# Pipsqueak Fox Scarf (K)



## janettamargo (May 13, 2013)

I am offering this pattern for the Pipsqueak Fox Scarf FREE of charge through Black Friday. 
It is a great scarf for beginners as it requires only simple shaping and is worked in garter stitch with a very forgiving yarn. It is one size that fits most and length can be adjusted to suit.
After November 28th 2014 price will be $3.50

http://www.ravelry.com/patterns/library/pipsqueak-fox-scarf


----------



## BarbaraBL (Nov 27, 2013)

Many thanks Janet! Gorgeous scarf!


----------



## knitgogi (Aug 25, 2013)

Where can the pattern be found? I don't see it on your etsy site. It is incredibly cute, and foxes are quite an "in" thing right now. I really like working with Pipsqueak, too! Just bought my granddaughter a sweater with a fox with glasses on it.


----------



## Ginka (May 16, 2011)

Very nice pattern,how do we get it ?


----------



## NanaG (Jun 12, 2012)

Thank you for your generosity. The scarf is adorable! I went to your shop, but could not find the pattern there. Could you tell us please how to get this cute pattern?


----------



## janettamargo (May 13, 2013)

So sorry I forgot to paste the link - fixed now


----------



## Elaine Ohs (Jan 27, 2011)

Love the scarf. How do I get the pattern??


----------



## Katsch (Mar 15, 2011)

Beautiful, thank you.


----------



## knitgogi (Aug 25, 2013)

janettamargo said:


> So sorry I forgot to paste the link - fixed now


 :thumbup: Thank you.


----------



## Ginka (May 16, 2011)

Thank you for your "gift" ,I have your flip flop and boot patterns ,too cute !


----------



## mombr4 (Apr 21, 2011)

Your fox scarf is so cute, and so kind of you to offer the pattern to all of us. 
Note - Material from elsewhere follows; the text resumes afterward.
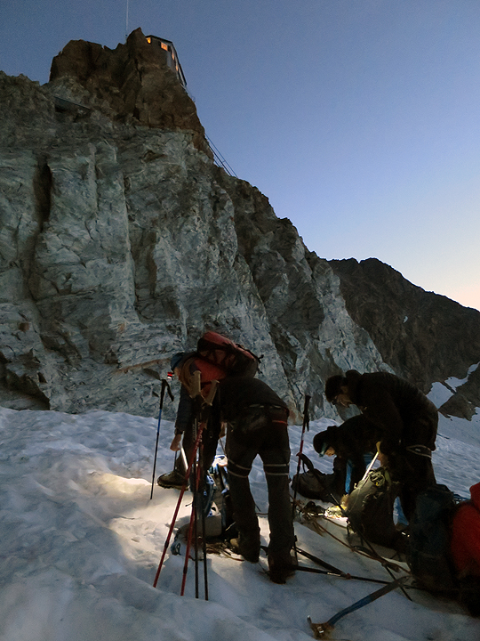 The following morning our long "crux" day begins before dawn, with the descent of the ladders onto the glacier. The lights of the hut look especially cozy as we set off. |
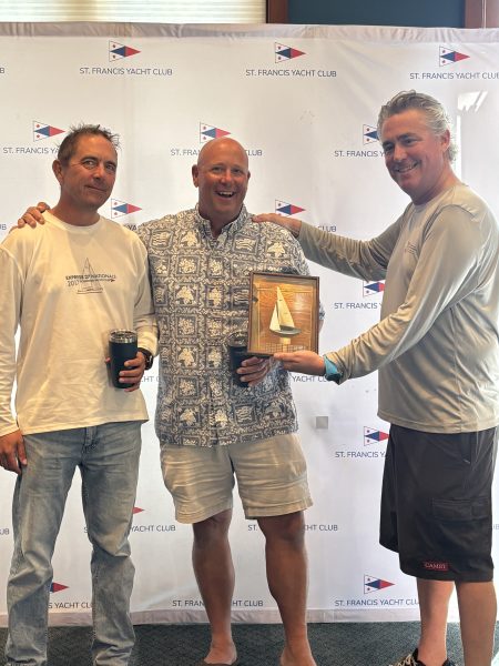 Congratulations to John Hansen and crew Ken Bodily for very consistent sailing, taking second, first, and second in the three races. A big thank-you to the St. Francis, regatta chair Brendan Bradley, race director Felix Weidling, and course race officer Tony Chargin.

Thanks so much. Just love your patterns.


----------



## missmolly (Jun 8, 2011)

Thank you so much for your free pattern ~ it is adorable :thumbup: :thumbup:


----------



## keldebtar (Apr 4, 2014)

Thank you!!


----------



## jmcret05 (Oct 24, 2011)

That is the nicest fox scarf I've seen. The yarn is obviously the best one to use and the face is so well done. Thanks.


----------



## StellasKnits (Apr 10, 2011)

Adorable! Thanks so much!


----------



## jeannietta (Mar 14, 2011)

I just love this scarf. You did a great job. Thanks for making the pattern available. I will be keeping my eye out for some pipsqueak yarn!


----------



## Wee Brenda (Nov 29, 2011)

thank you


----------



## Knittingkitty (Sep 25, 2011)

It is very cute!


----------



## Bonnie7591 (Nov 15, 2011)

Very cute! Thank you & have a Happy Thanksgiving


----------



## skinny minnie (Jan 4, 2012)

Thank you. Have been looking for a fox scarf for grands next winter. Yours is beautiful


----------



## standsalonewolf (Dec 1, 2011)

thank you :thumbup:


----------



## no1girl (Sep 4, 2012)

Impossible to buy the Peach here......managed a raspberry...........a Red Fox!


----------



## minniemo (Apr 23, 2011)

Thank you so much Janet, so very generous of you. It is such a cute scarf. :thumbup: :thumbup: :thumbup:


----------



## skinny minnie (Jan 4, 2012)

cakes said:


> Impossible to buy the Peach here......managed a raspberry...........a Red Fox!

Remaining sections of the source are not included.